The more extreme fringes of British conservatism have now reached the point that American conservatives first arrived at during the Clinton administration: They are seeking to undermine the very possibility of workable government. For hard-liners such as Jacob Rees-Mogg, it is an article of faith that Britain’s Treasury Department, the Bank of England and Downing Street itself are now conspiring to deny Britain its sovereignty.

It is thought that Mr. Davis’s real grudge was with the unelected official, Olly Robbins, who had usurped him in his influence over the Brexit process. The problem was that Mr. Robbins is willing and able to do the laborious and intellectually demanding policy work that Brexit will require, while Mr. Davis is famously not.

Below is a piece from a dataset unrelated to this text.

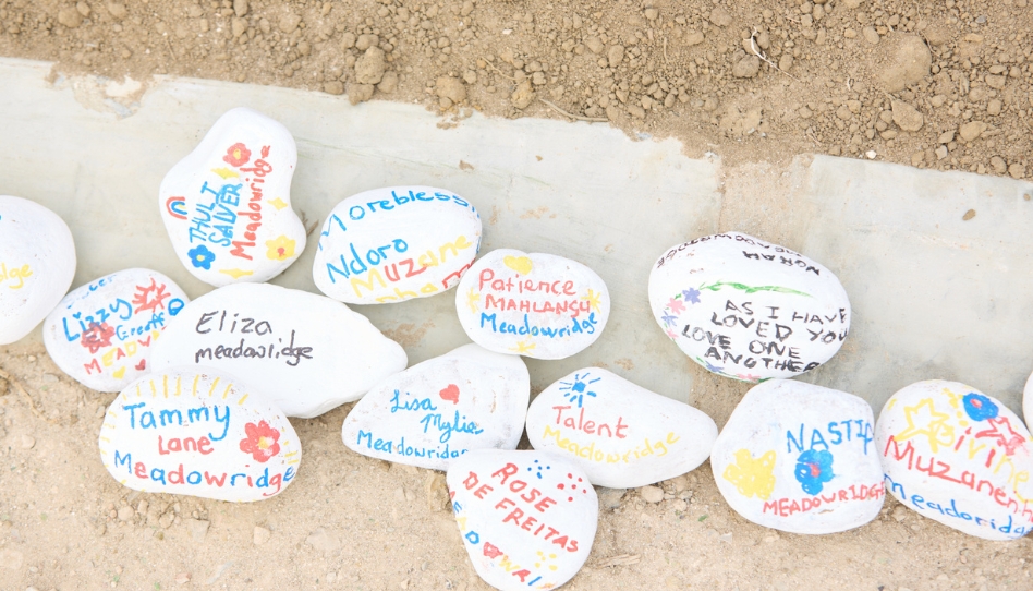 Durante la ceremonia, los niños de la Primaria colocaron pequeñas piedras blancas con sus nombres como símbolo de fe y compromiso.

.. But another byproduct of the anti-government attitude is a constant wave of exits. Britain leaves the European Union, Mr. Johnson resigns from the cabinet. The Trump White House has been defined by the constant churn of sackings and resignations. With astonishing hypocrisy, wealthy Brexiteers such as Mr. Rees-Mogg, John Redwood, Lord Lawson and Lord Ashcroft have all been discovered either preparing to move their own assets into European Union jurisdictions or advising clients on how to do so. No doubt when Britain does finally leave the European Union in March 2019, they will distance themselves from reality once more, allowing the sense of victimhood and the dream of “sovereignty” to live another day. Meanwhile, someone has to keep governing.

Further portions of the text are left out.